Why are we talking about this? Well, when doing IPC, cache coherency matters a lot. It's critical that in our hot loops we are not causing cache coherency traffic. At a high level, this means that we need to be able to hot poll all our data structures by reading only. This allows multiple consumer threads to be polling the mailboxes (eg. all of the consumers are polling a cache line that is in the shared state). We only want to pay the cache-coherency cost of writing to memory when the producer has produced a full buffer. The act of the producer flushing a buffer will cause all consumer cores to have their caches invalidated, and they'll have to fetch the memory through L2 on the subsequent access. This fetch has to drop the producer's cache state from modified to shared as well.

Thus, we've designed the mempipe library to poll a set of mailboxes which is guaranteed to be on a different cache line from the data being transferred. If we had the transfer buffer on the same cache line as the mailboxes then there would be major cache thrashing!


Internals

Cannoli Diagram

Mempipe

Mempipe is the super-fast IPC mechanism that really enables Cannoli to work in the first place. It provides a low-latency API for transferring buffers from one process to another via shm*() APIs on Linux. Specifically, it is a polling-based IPC mechanism, meaning the consumer is hot-polling a mailbox until new data arrives.

You can find all the code in mempipe/src/lib.rs. At its core it exposes two structures, a SendPipe and a RecvPipe.

Const Generics

Both SendPipe and RecvPipe use two constant generics. These are the CHUNK_SIZE and NUM_BUFFERS generics. CHUNK_SIZE defines the size of each buffer in bytes. The smaller this chunk size, the more transfers have to happen, but the more data you fit into caches. This is effectively the size of the buffer which will be filled up with data, and flushed to the consumer when it's full.

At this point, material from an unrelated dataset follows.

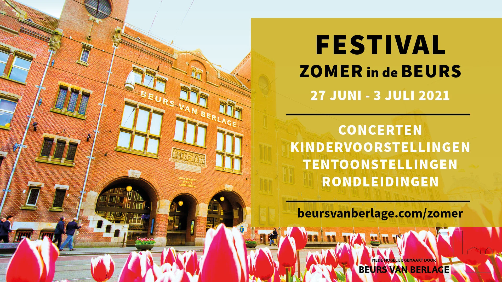 Festival Zomer in de Beurs. Te zien in de Beurs van Berlage Amsterdam. Zondag 27 juni t/m zaterdag 3 juli 2021. www.beursvanberlage.com/zomer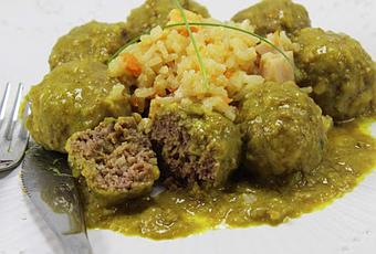 1- Majar los ajos y perejil, remojar el pan en la leche, añadir a la carne junto al huevo, 1 cta. café de sal, pimienta, nuez moscada y 1 cta. cafe de curry y mezclar bien. (Podéis macerarla unas horas, así toma más sabor). Formar las albóndigas pasándolas por harina, sacudiendo el exceso y con un poco de aceite dorar en menú freír en dos tandas. Reservar.

The NUM_BUFFERS generic specifies the number of buffers in the memory pipe. Effectively, this is what enables non-blocking streaming of data from QEMU. A consumer can be processing a buffer while QEMU is producing data to another buffer. Setting this to greater than one is recommended, otherwise QEMU will block while the buffer is processed... but don't set it too high; that just increases the amount of memory that might be used for streaming, causing more cache thrashing.

Both of these generics are tunables and dramatically affect performance. Personally, I've found that setting the CHUNK_SIZE to 1/2 that of L1 cache (16 KiB on most x86 systems), and NUM_BUFFERS to 4 seems to be a good metric.

Pipe Creation

Creating a SendPipe is simple. You call SendPipe::create() and it returns back a SendPipe. Internally, it generates a random 64-bit number which is used as the pipe identifier. It then creates a shared memory file with this pipe ID as the filename, sets the length of the shared memory, and maps it in as read-writable. We also place a small header into shared memory so we can make sure when we connect to the pipe it matches the parameters we expect.

Pipe Opening

Creating a RecvPipe is also simple, just call RecvPipe::open() with the UID assigned to the SendPipe (obtainable from SendPipe::uid()). This will open the shared memory with the provided UID, Then, make sure the constant generics of the RecvPipe match those of the SendPipe (included in the metadata of the shared memory), and finally it will map the memory and return back the pipe.

Data Production

To produce data from the SendPipe, you call SendPipe::alloc_buffer. This gives the user a write-only ChunkWriter which can be written with ChunkWriter::send. Calling alloc_buffer will block in a hot-loop until a buffer is available. It is important that a consumer is consuming the data as fast as possible to prevent the sender from stalling too long. With the right tunables, the consumer should always be ahead of the producer, and thus alloc_buffer should effectively return immediately.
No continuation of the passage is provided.